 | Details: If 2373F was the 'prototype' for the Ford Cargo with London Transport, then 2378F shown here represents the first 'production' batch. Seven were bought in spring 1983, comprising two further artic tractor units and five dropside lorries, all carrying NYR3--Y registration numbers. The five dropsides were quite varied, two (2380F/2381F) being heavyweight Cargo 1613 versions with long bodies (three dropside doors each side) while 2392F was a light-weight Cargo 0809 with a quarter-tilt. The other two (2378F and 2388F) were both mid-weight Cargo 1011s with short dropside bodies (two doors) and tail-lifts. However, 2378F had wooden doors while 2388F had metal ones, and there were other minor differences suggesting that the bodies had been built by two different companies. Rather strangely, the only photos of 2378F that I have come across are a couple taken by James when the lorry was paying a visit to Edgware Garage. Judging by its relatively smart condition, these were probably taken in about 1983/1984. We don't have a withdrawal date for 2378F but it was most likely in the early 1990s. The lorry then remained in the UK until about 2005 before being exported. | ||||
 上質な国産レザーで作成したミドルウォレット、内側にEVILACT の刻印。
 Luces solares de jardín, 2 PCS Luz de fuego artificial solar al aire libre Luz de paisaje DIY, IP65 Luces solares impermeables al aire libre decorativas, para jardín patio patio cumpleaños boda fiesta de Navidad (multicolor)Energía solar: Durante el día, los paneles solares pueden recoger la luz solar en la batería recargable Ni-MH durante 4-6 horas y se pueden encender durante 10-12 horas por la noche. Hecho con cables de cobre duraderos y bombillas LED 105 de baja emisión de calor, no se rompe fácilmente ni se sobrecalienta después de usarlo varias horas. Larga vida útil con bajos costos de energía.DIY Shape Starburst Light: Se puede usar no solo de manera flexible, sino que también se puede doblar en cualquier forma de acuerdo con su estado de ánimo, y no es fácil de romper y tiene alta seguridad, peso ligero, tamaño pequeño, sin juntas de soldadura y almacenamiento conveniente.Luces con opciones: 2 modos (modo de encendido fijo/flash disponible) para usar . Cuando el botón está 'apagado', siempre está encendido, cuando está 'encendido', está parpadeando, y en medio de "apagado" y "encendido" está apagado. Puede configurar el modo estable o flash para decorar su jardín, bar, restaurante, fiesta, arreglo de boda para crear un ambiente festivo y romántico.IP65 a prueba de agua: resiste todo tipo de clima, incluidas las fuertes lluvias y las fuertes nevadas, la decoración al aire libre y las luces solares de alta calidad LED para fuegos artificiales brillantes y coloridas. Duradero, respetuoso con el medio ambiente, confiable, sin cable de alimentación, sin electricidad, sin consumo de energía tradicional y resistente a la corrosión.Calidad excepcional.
---
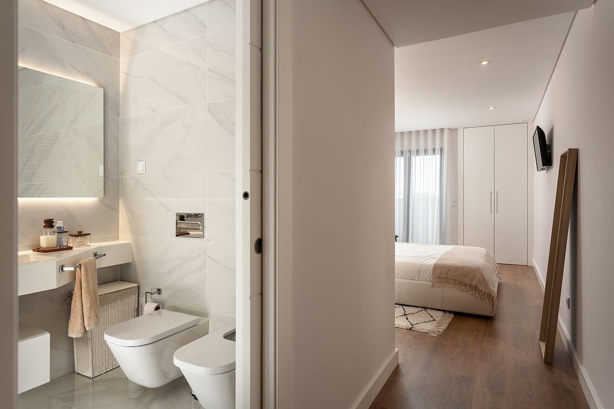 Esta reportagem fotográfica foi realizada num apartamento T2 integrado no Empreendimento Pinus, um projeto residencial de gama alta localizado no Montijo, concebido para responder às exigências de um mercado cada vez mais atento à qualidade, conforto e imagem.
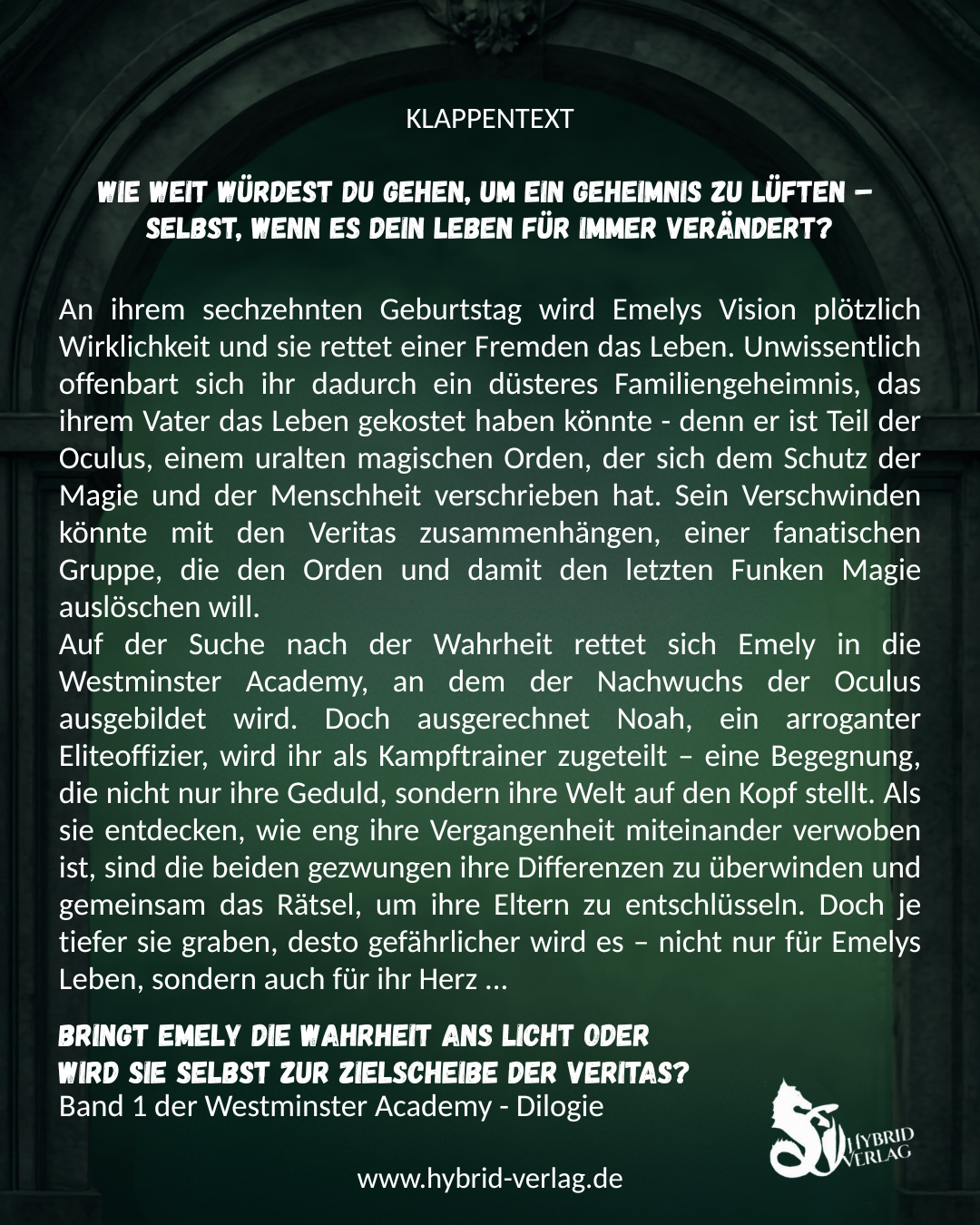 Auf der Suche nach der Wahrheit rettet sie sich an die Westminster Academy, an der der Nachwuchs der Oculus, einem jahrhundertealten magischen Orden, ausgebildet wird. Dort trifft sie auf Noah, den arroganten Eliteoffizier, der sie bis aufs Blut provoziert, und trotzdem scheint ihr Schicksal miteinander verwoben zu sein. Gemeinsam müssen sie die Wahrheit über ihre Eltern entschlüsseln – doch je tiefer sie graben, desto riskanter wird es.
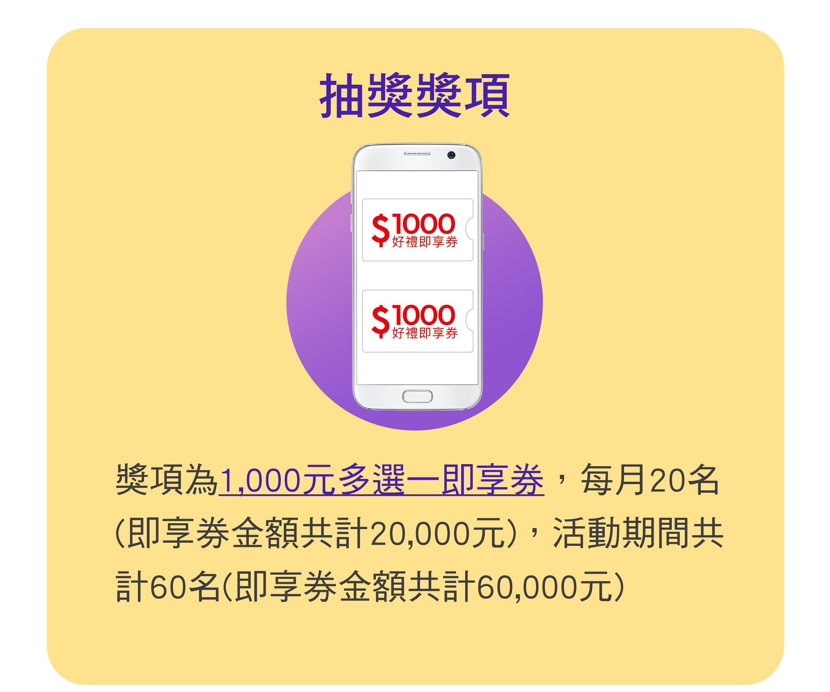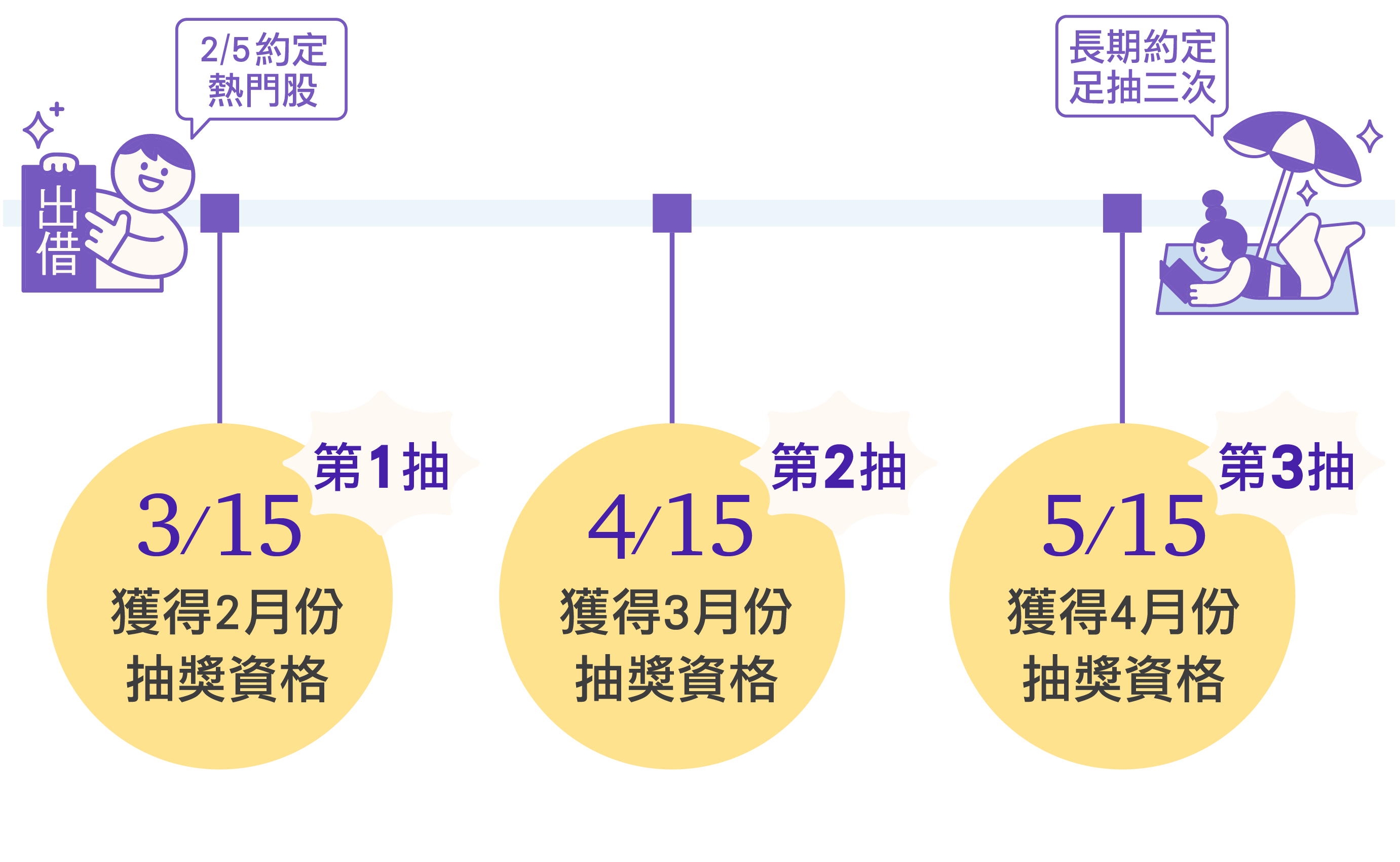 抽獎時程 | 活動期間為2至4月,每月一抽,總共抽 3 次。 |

### ACTIVITY
Each line between the one holding "Esta reportagem fotográfica" and the one holding "抽獎時程 | 活動期間為2至4月,每月一抽,總共抽 3 次。 |", inclusive, should be copied exactly as it appears above, and pictures should be omitted.

### RESPONSE AREA
 Esta reportagem fotográfica foi realizada num apartamento T2 integrado no Empreendimento Pinus, um projeto residencial de gama alta localizado no Montijo, concebido para responder às exigências de um mercado cada vez mais atento à qualidade, conforto e imagem.
 Auf der Suche nach der Wahrheit rettet sie sich an die Westminster Academy, an der der Nachwuchs der Oculus, einem jahrhundertealten magischen Orden, ausgebildet wird. Dort trifft sie auf Noah, den arroganten Eliteoffizier, der sie bis aufs Blut provoziert, und trotzdem scheint ihr Schicksal miteinander verwoben zu sein. Gemeinsam müssen sie die Wahrheit über ihre Eltern entschlüsseln – doch je tiefer sie graben, desto riskanter wird es.
 抽獎時程 | 活動期間為2至4月,每月一抽,總共抽 3 次。 |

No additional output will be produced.